Конкретно в это время в королевский фавор и заходит Григорий Лукич Скуратов-Бельский. Вероятнее всего, Малюта – это вроде бы языческое имя для противников, чтобы они не насылали на него порчу. Тогда было принято часто скрывать свое крестильное христианское имя и слыть в миру под самыми необычными. Время от времени просто монгольскими. Праотцы наши отводили от себя сглаз. А истинное имя даже близкие время от времени узнавали на отпевании. Так, даже в более просвещённом XVII веке во время панихиды по любимчику царя Алексея Михайловича Хитрово скорбящие узнали, что настоящее имя его – Иов.
Скуратовы не были родовитыми. Они обладали малозначительным поместьем на границе Звенигородского уезда. Все же род этот не был чужд Суровому. Во вкладной книжке Иосифо-Волоцкого монастыря вклад собственный по нраву Малюты Суровый снабдил таким приметным посвящением – «по холопе собственном по Григории по Малюте Лукьяновиче Скуратове». Некие комментаторы не исключают, что Скуратовы вправду когда-то были холопами величавых князей, но за верную службу были пожалованы дворянством. Другими словами обосновали свою запредельную верность и готовность исполнить хоть какое приказание.

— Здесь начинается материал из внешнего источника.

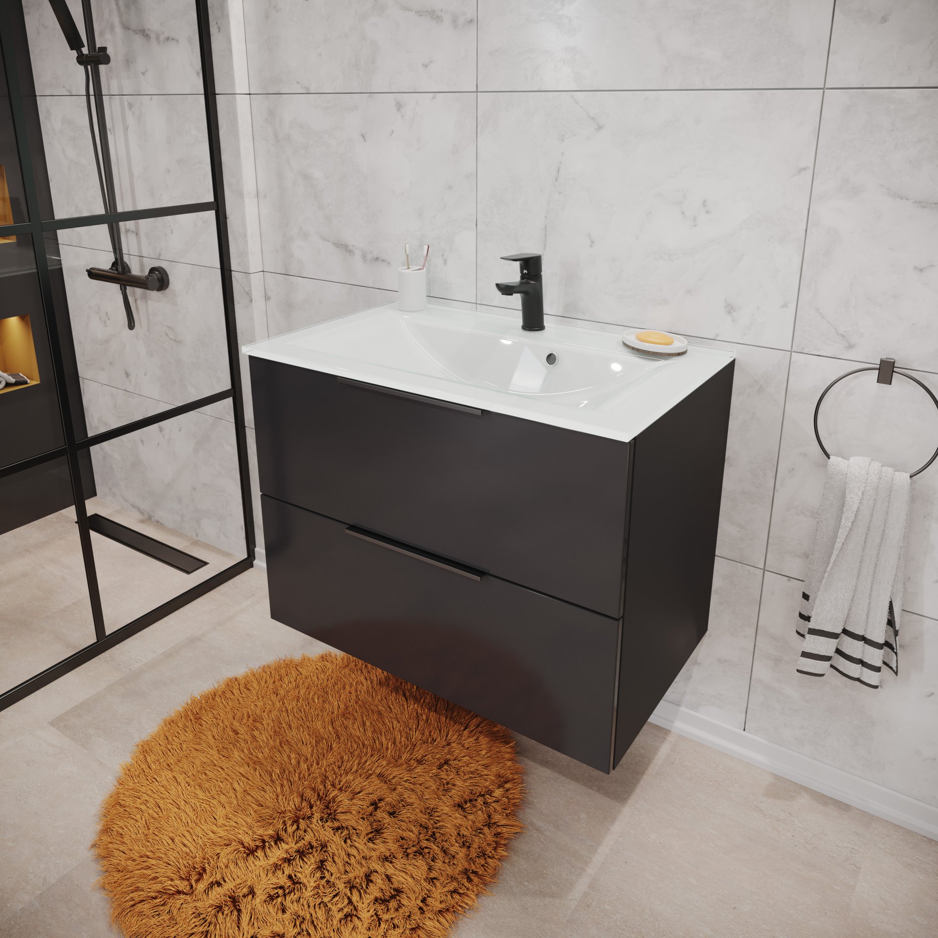 Das Möbel-Set von Fackelmann zeichnet sich durch seine moderne Industrie-Ästhetik aus, die durch die anthrazitfarbenen Fronten und den Korpus unterstrichen wird. Das weiße Glasbecken bildet einen ansprechenden Kontrast und fügt sich nahtlos in das Gesamtdesign ein. Die Glaskeramik des Beckens ist nicht nur optisch ansprechend, sondern auch besonders pflegeleicht und langlebig.

Фактически, карьера палача начинается не на поле брани, а во время карательного похода против очередных «заговорщиков». Дело в том, что фактически в Кремле был отрыт комплот, во главе которого стоял глава конюшенного приказа – самой главной структуры тогдашнего госаппарата – И. П. Фёдоров. К слову, во время королевского отсутствия конкретно конюший делал почётную роль местоблюстителя. Так что разгром «фёдоровщины» можно сопоставить с высылкой Троцкого.

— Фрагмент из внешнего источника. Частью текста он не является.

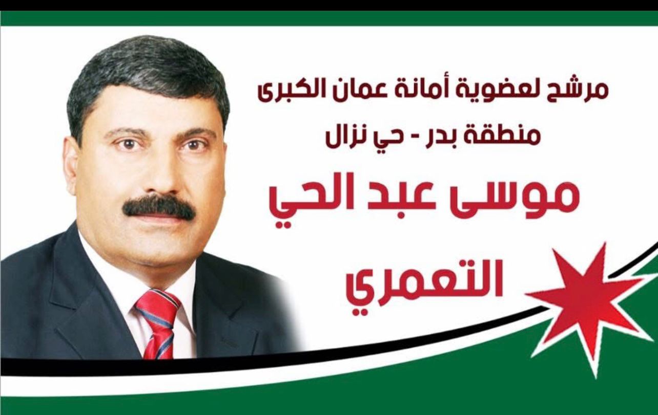 الأستاذ ” موسى عبدالحي التعمري ” يقرر خوض غمار الإنتخابات لعضوية أمانة عمان الكبرى المقبلة عن منطقة بدر / الياسمين

А. Н. Новоскольцев. «Опричники в доме опального боярина».
Целью комплота вроде было свержение Сурового и передача престола другому Рюриковичу – Владимиру Старицкому. Но сам претендент струсил и поведал обо всех тех, кто его-де в крамолу втянул.

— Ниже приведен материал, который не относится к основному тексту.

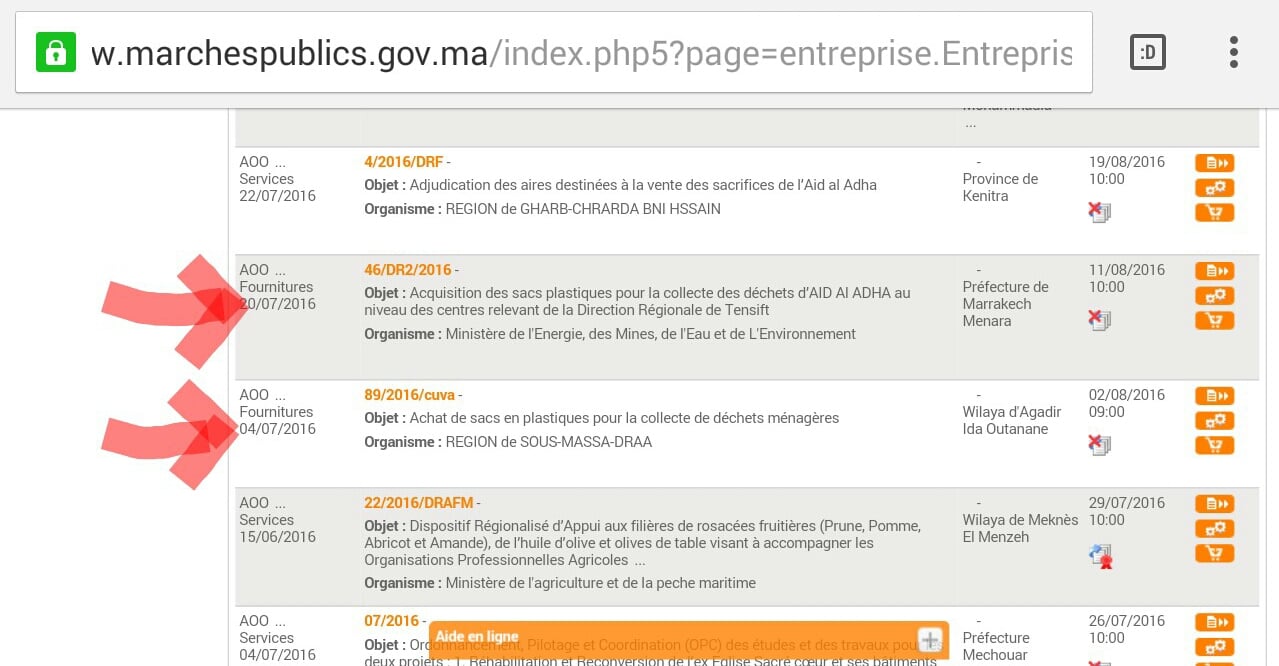 ففي الموقع الرسمي الخاص بالصفقات العمومية، تم  نشر طلبات عروض خاصة باقتناء بلاستيك -sac- ، سيستعمل في جمع فضلات عيد الأضحى، و الغريب أن الجهة المنظمة لهذه الصفقات هي وزارة الطاقة والمعادن والماء والبيئة وستفتح العروض بمقر عمالة مراكش واخر اجال 11/08/2016، فيما و في نفس الموقع نشر اعلان عن طلب عروض للبلاستيك الخاص بالفضلات المنزلية، أعلن عنه مجلس جهة سوس ماسة درعة، وسيتم فتح العروض بمقر ولاية اكادير اليوم 02/08/2016 ، كما توضح الوثيقة ورابط الموقع.

Понятно, в неразрушимых традициях круг виновных расширили до максимума. А на коломенских землях самого Фёдорова начался показательный разгром в стиле «выжженной земли». Вот здесь-то Малюта собственной свирепостью и потряс самого царя, узревшего, какой ценный кадр сформировался под сенью старенькых соратников. Королевский синодик свидетельствует: во Губине углу Малюта со товарищи отделал 30 и 9 человек. Нужно считать, что
этих злосчастных не просто уничтожили, а длительно пытали. К тому же под пытками Малюта ещё, нужно считать, выпытывал у жертв места с припрятанным хорошем. В Москве появилось целое сословие, как на данный момент произнесли бы, барыг, которые скупали у опричников всё награбленное. Посреди их было и много германцев –кабатчиков. В конце 30-х годов XX века в столице работали комиссионки, через которые реализовывали конфискованное у осуждённых по политическим статьям.
Да, крови Малюта не страшился. Когда спустя два года в опалу попал дьяк Висковитый, глава посольского приказа, хранитель большой гос печати, подобострастно именовавшийся иноземцами канцлером, он особо отличился. Дело в том, что для Висковитого и ряда его коллег-министров были выдуманы особенные кары.
Практически же Суровый разгромил собственное правительство. Аналогия с «ленинградским делом» навязывается сама собой. Но Вознесенского бериевцы просто насмерть заморозили в товарном вагоне, в каком его везли в заключение. А вот для Висковитого Малюта с его владельцем выдумали необыкновенную казнь. Дьяка, рискнувшего кинуть Суровому в лицо: «Кровопийца!» – привязали к скрещённым брёвнам, приказав опричникам по очереди отрезать у него какую-либо часть тела.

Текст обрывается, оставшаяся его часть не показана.